Bereits vor einigen Wochen haben Shells Bohrschiffe die Arktis verlassen. Man muss mittlerweile fast dankbar dafür sein, dass der Ölkonzern die Beaufort- und Tschuktschenseen in der kurzen Zeit seines Aufenthalts nicht in Schutt und Asche gelegt hat. Dass an den Bohrstellen vor der Küste Alaskas zur Stunde nicht barrelweise Rohöl in arktische Gewässer sprudelt, liegt allerdings auch daran, dass lediglich so genannte Top-Hole-Bohrungen durchgeführt wurden – bei diesen wird gar nicht bis in ölführende Schichten vorgedrungen.

Die zuständige US-Behörde hatte Shell die nötigen Genehmigungen für tatsächliche Ölbohrungen nämlich nicht erteilt. Ein Bericht des Radiosenders KUOW enthüllte, dass die Behörde für ihre zögerliche Haltung gute Gründe hatte: Beim Testen des Notfall-Equipments im September kam es zu – gelinde gesagt – grösseren Schwierigkeiten. Weniger gelinde schreibt es Mark Fesmire, ein Beamter der US-Behörde BSEE, in einer E-Mail an einen Kollegen: Die obere Hälfte einer Haube, die sich im Notfall über ein Ölleck senken sollte, sei nach einem desaströsen Test-Durchlauf «crushed like a beer can» – zerquetscht wie eine Bierdose.

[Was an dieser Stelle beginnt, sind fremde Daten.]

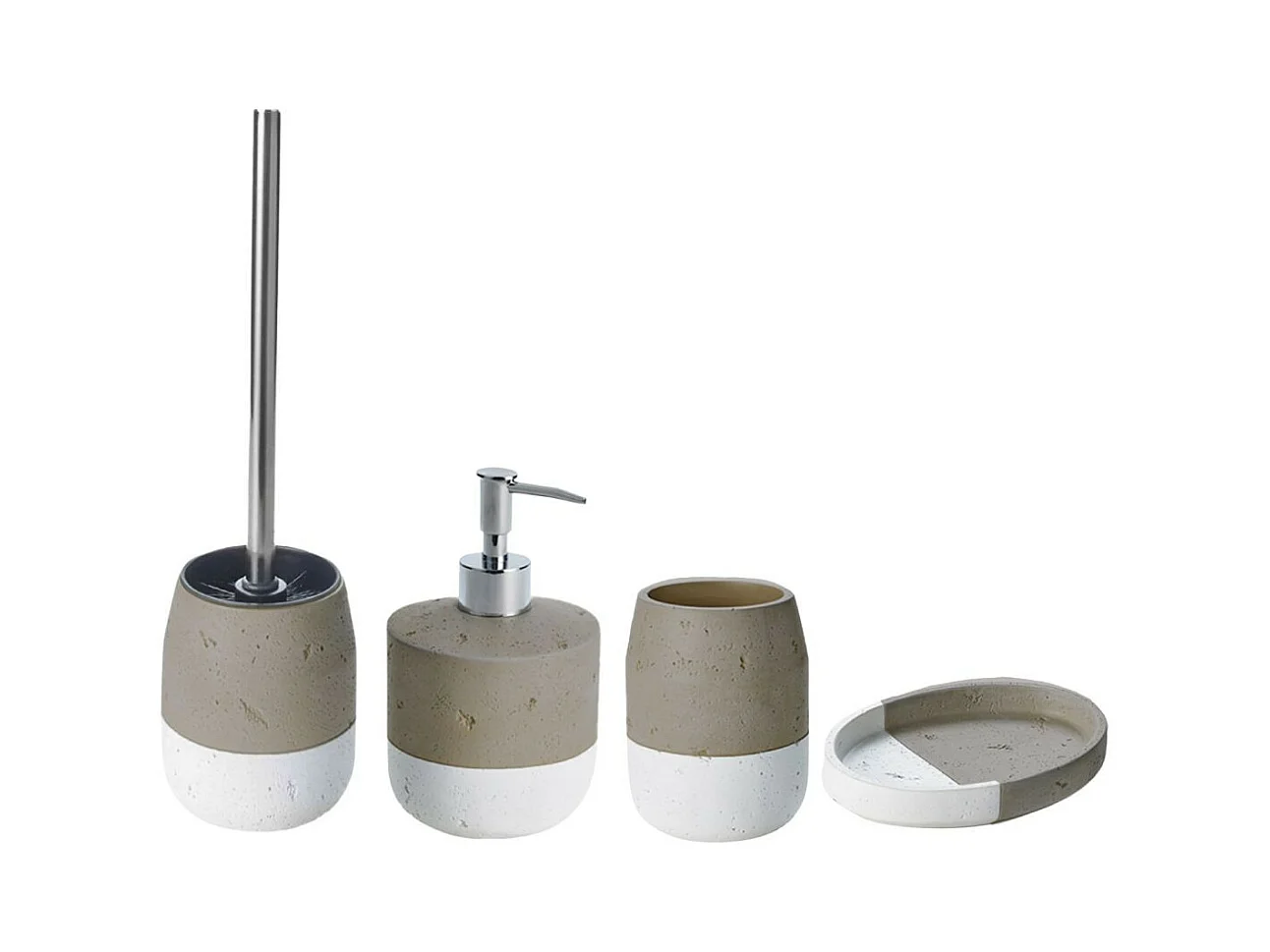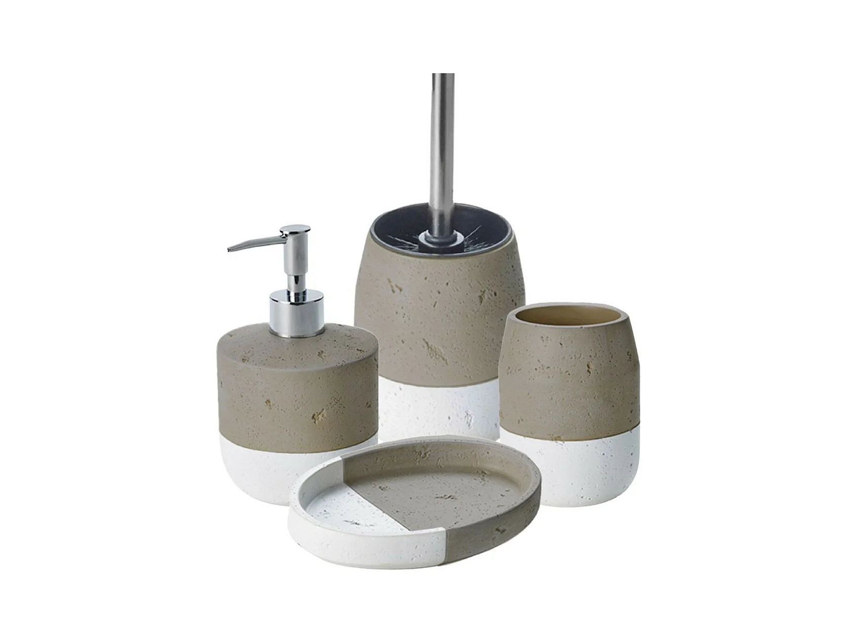 Set salle de bain bicolore 4 pièces en céramique taupe

Beim Anblick der zerquetschten Bierdose auf der KUOW-Seite überfällt mich kaltes Grausen. Die Tests fanden nämlich keinesfalls unter den Bedingungen statt, die in der Arktis vorherrschend sind. Die lächerliche Schutzhaube (von Shell optimistisch «containment dome» getauft) trug die Schäden in den Gewässern des Puget Sounds davon – einem Sund im US-Bundestaat Washington. Verglichen mit der Arktis ist dieser eine Badewanne.

Die Beulen gab es beim kontrollierten Absenken ins Meer: Bei den Proben für den Ernstfall tauchte die Haube plötzlich wieder an der Wasseroberfläche auf, liess ordentlich Druck ab («wie ein Wal», schreibt Fesmire) und sank dann ebenso plötzlich wieder ab. Den Aufprall auf dem Meeresgrund verhinderte in knapp vierzig Meter Tiefe eine angeschlossene Boje. Es dauerte anschliessend zwölf Stunden, bis der demolierte weisse Kasten wieder aus dem Wasser gezogen werden konnte. Die Verformungen waren entstanden, weil die Auftriebskammern unter Wasser dem plötzlichen Druckaufbau nachgegeben hatten.

KUOW.org veröffentlichte danach eine E-Mail-Korrespondenz zwischen Fesmire und einem Kollegen, aus der hervorgeht, dass der Panne zwei weitere Malheurs unmittelbar vorausgegangen waren: Die Haube musste bereits unter den Schraubenzieher, nachdem sie sich aus ihrem Windwerk gelöst hatte, mit dem sie unter Wasser manövriert wird. Ausserdem hatte sich ein ferngesteuertes U-Boot in Ankerseilen verfangen. Taucher benötigten 24 Stunden, um das Gerät zu bergen. Apropos: In der Arktis müsste man auf Taucher verzichten. Stattdessen kann Shell dort auf die Mithilfe driftender Eisberge, extremer Minustemperaturen, schlechter Sichtverhältnisse und kräftiger Stürme setzen.

Natürlich spielt Shells Kommunikationsabteilung die immensen Risiken von Ölbohrungen in der Arktis meist routiniert herunter. Pete Slaiby, Vize-Chef von Shell Alaska, hat sich jedoch etwas mehr Ehrlichkeit verordnet. Im Interview mit der BBC erklärt er, dass er mit Ölunfällen in der Arktis rechne: «Da gibt’s nichts zu beschönigen, ich denke mir, dass es Ölunfälle geben wird, und kein Unfall ist ok. Aber wird es zu einem Unfall kommen, der die Lebensgrundlagen der Menschen [in der betroffenen Region] beeinträchtigt? Ich denke nein, ich glaube nicht, dass das passieren wird.»

Weder diese bemerkenswerte Einsicht noch die Pannenserie haben Shell bisher dazu inspiriert, mehr Geld in Sicherheitsvorkehrungen zu investieren. Der Konzern repariert lieber die Bierdose, die von einem Schiff, das in der Vergangenheit bereits eine beachtliche Karriere als Vogelnest hinlegte, in die Arktis transportiert werden soll. Kein Witz, leider.